We believe that dashboards are limiting the potential of what businesses achieve with data and analytics.
The idea of a dashboard always sounds and looks appealing, and of course they capture managements attention, so we run headlong into building them without asking if there is a better way to achieve the business outcome.
Once deployed however, dashboards rarely have genuine impact on the business or lead to any real behaviour change. The dashboards we see in the wild are infrequently consumed and only by a small group of managers who are thinking strategically and not operationally. If these executives even still login, it will be very rarely that they make any changes or decisions off the back of them.
Rather than investing days into building yet-another-dashboard, data teams could spend their time on higher impact activities such as using data to automate processes, to optimise or personalise the user experience, or to inform employees of their next best action. These would all likely to more lead to increased revenue and customer satisfaction than yet another high level dashboard.
Rather than jumping straight into a dashboard as your output, consider the following:
- How can we use our data to actually improve our customer and employee experience instead of giving another dashboard to executives?
- How can we automate the actioning of insights analytics so humans are removed from the chain of needing to review and react to data through dashboards and reports?

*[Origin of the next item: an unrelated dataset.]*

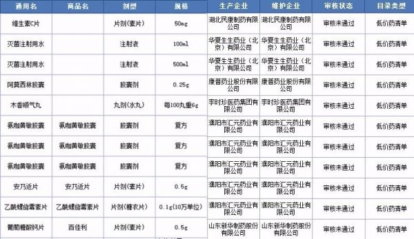 下附低价药补充挂网采购资格审核未通过的18品种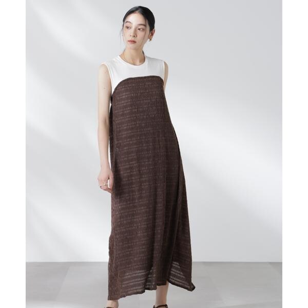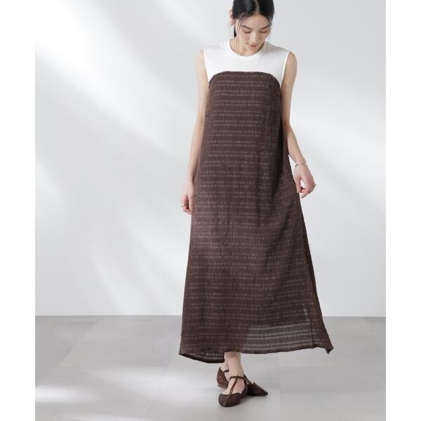一枚で重ね着したようなレイヤードスタイルが完成するカットワンピース。フロントはベア切替でドッキング、後ろは振らしのスリットデザインで前後違う見え方もポイント。楽ちんにお洒落ができる夏のワードローブに追加したいひと品です!

- Rather than high level dashboards, are we better to build operational business intelligence which can be used by team members on the ground to make the best decisions, before KPIs are even impacted?
- Is a dashboard the best way to disseminate the analytics, or should we disseminate insights to our users?
Self service dashboards of course have their place, but they appear to be something that the data and analytics world aspires to rather than being vanilla table-stakes and one piece of the overall puzzle. To build a truly responsive, real time and intelligent organisation we really need to move beyond this.